The agreement paves the way for the formal adoption of the reform by the European Parliament and the Council through a vote in the coming months.
The reform is aimed at increasing transparency and confidence in the audit market by enhancing the credibility of the audited financial statements of public-interest entities (PIEs), which are companies with a significant public interest because of the nature of their business, their size, their number of employees or their corporate status, including banks, insurance companies and listed companies.
In addition, the new rules will facilitate a wider choice of audit providers, in a market that is nowadays highly concentrated in a few big accounting firms.
The main features of the agreement include:
Mandatory rotation of auditors
The new legislation will impose mandatory rotation of auditors of PIEs after a period of 10 years. Member States may allow the auditor or audit firm to continue audit of the same PIEs up to the maximum duration of 20 years where a public tendering is conducted and up to 24 years in case of a joint audit.
Prohibition and restriction on the provision of non-audit services
In order to avoid conflicts of interests and threats to independence a number of non-audit services, such as tax, consultancy and advisory services will be forbidden to be provided to the audited entity.
When an audit firm provides to the audited entity for three or more years, non-audit services (other than those phohibited), the total fees for such services will be limited to no more than 70 per cent of the average of the fees paid in the last three years by the audited entity.
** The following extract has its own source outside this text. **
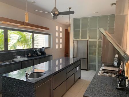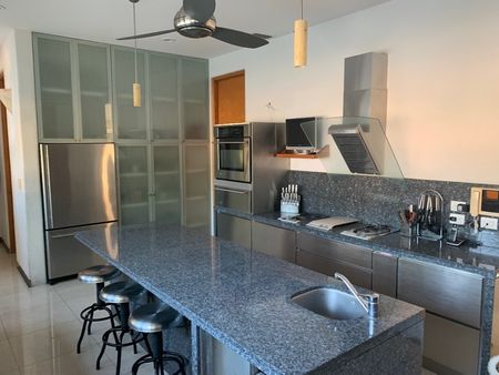Amplia cocina integral completamente equipada con meseta de granito de piedra gris

Cooperation of audit oversight bodies
The supervision of the system will be carried out within the framework of a Committee of European Auditing Oversight Bodies (CEAOB). The European Securities and Markets Authority (ESMA) will provide assistance in the field of external relations within the structure of the CEAOB.
Press release
Commissioner Barnier welcomes provisional agreement in trilogue on the reform of the audit sector, 17.12.13
Lithuanian Presidency
“Under the compromise text, the Member States agreed today to introduce more stringent rules for the auditors and audit firms that are aimed in particular at strengthening the independence of auditors of public interest entities (PIEs) as well as at assuring greater diversity into the current highly-concentrated audit market. Furthermore, the reform is envisaging more coordinated approach to the supervision of auditors in the EU that will be leaded by the Committee of European Audit Oversight Bodies (CEAOB)”, said Lithuanian Finance Minister Rimantas Šadžius.
“I believe that the agreed audit reform package should enhance the quality of statutory audits in the EU and will help to strengthen confidence in audited financial statements, in particular those of banks, insurers and listed companies”, he concluded.
The Proposal on the changes of Audit directive 2006/43/EC and new Proposal on Audit regulation was presented by the Commission in November 2011.